Use of Differentiation to Find Maxima and Minima Points on a Curve

Use of Differentiation to Find Maxima and Minima Points on a Curve

Understanding Maxima and Minima Points

Concepts and Definitions

  • Maxima and Minima are important aspects of differentiation used to define the highest and lowest points on a curve respectively.
  • A maximum point on a curve refers to a point where the curve changes from an increasing to a decreasing gradient.
  • A minimum point on a curve refers to a point where the curve changes from a decreasing to an increasing gradient.

Process of Finding Maxima and Minima

  • To find maxima and minima points, first find the derivative of the function. The derivative will provide the gradient function.
  • Set the derivative equal to zero and solve for x.

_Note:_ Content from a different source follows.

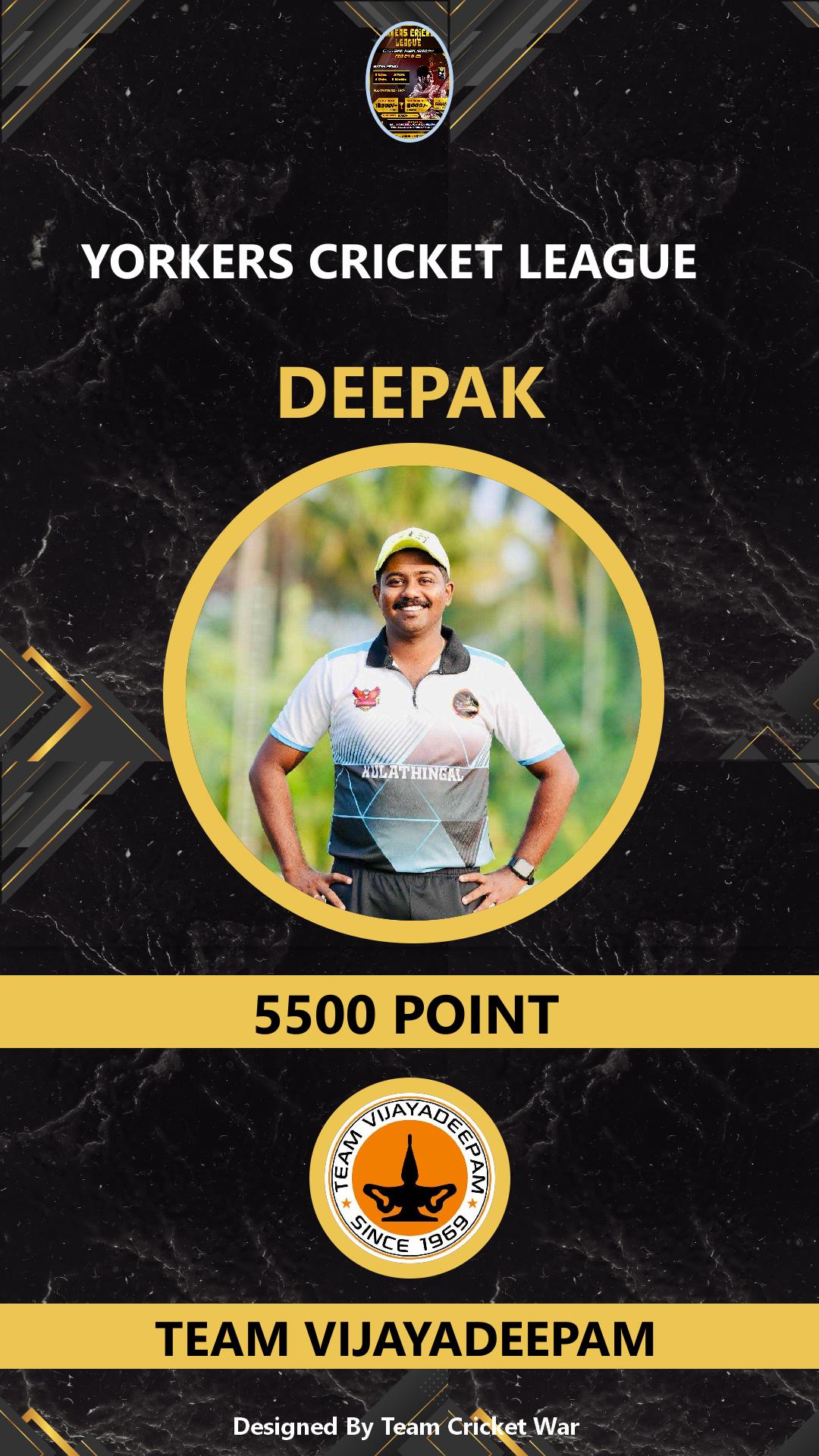 BATSMAN, AGE : 43 ????? Bid Amount : 2000 Team : TEAM VIJAYADEEPAM Download ID Card |

These x values are critical and could be the x values of points of maxima or minima.
  • To verify whether the points are maximum or minimum, use the second derivative test, if possible.

The Second Derivative Test

  • If the second derivative of a function at a point is negative, then the function reaches a maximum at that point.
  • If the second derivative is positive, the function has a minimum at that point.
  • If the second derivative is zero, the test is inconclusive. Consider using the first derivative test.

Applications of Maxima and Minima

  • Maxima and minima have practical applications in various fields such as economics, physics, engineering, and more.
  • They help in understanding the points of maximum profit, minimum cost, maximum efficiency, etc.

Additional Points

  • Be aware of the fact that maximum and minimum points can also occur on the endpoints of a function’s domain.
  • Not all turning points will be maximum or minimum. Points where a function changes direction but doesn’t achieve a local maximum or minimum are called points of inflexion.

Remember, practise is crucial in mastering the method for finding maxima and minima using differentiation. Recurring practise of several types of questions will build confidence in this area.